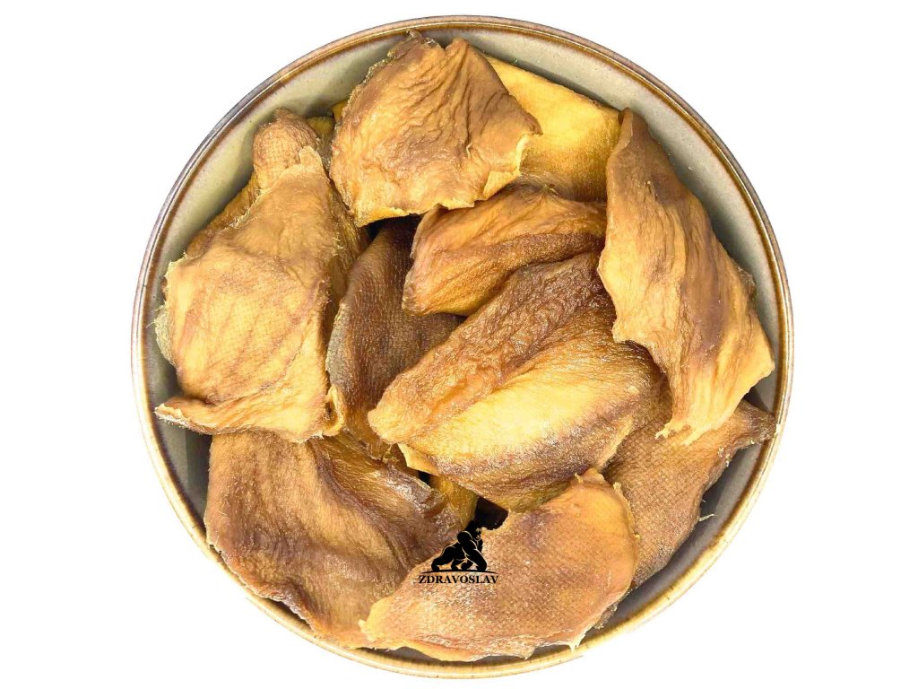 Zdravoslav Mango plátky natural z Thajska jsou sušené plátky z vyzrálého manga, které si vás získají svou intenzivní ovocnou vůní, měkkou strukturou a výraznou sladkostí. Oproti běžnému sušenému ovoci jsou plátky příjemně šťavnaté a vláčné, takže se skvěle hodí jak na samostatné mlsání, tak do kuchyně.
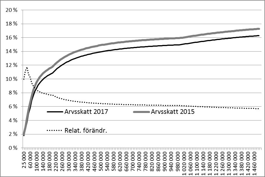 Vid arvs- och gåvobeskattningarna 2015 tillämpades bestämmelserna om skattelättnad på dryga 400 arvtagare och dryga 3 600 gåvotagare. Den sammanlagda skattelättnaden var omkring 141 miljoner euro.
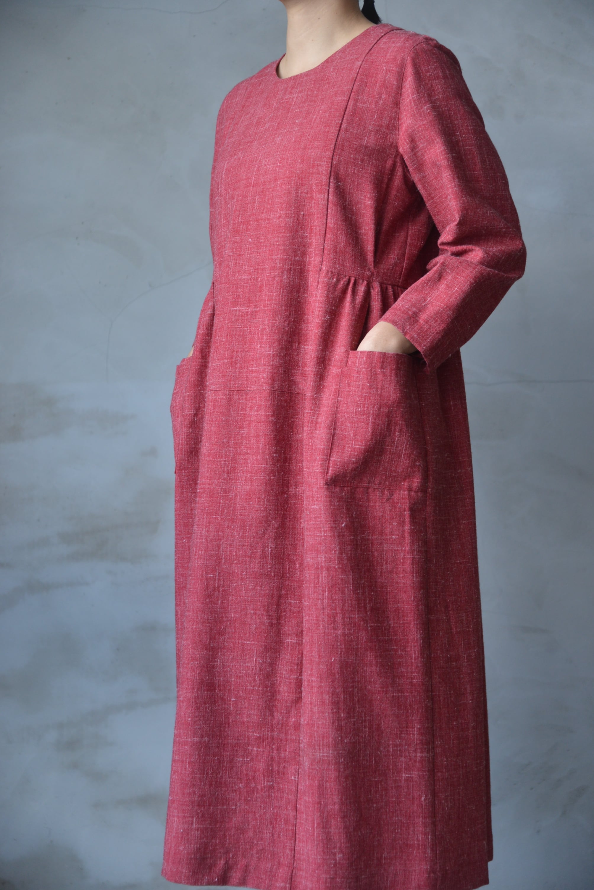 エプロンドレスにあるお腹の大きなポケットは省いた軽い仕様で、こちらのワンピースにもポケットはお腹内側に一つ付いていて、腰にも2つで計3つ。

* * * *

Only the lines from the one containing "Vid arvs- och" through the last line of the material should be returned, exactly and without pictures.

 Vid arvs- och gåvobeskattningarna 2015 tillämpades bestämmelserna om skattelättnad på dryga 400 arvtagare och dryga 3 600 gåvotagare. Den sammanlagda skattelättnaden var omkring 141 miljoner euro.
 エプロンドレスにあるお腹の大きなポケットは省いた軽い仕様で、こちらのワンピースにもポケットはお腹内側に一つ付いていて、腰にも2つで計3つ。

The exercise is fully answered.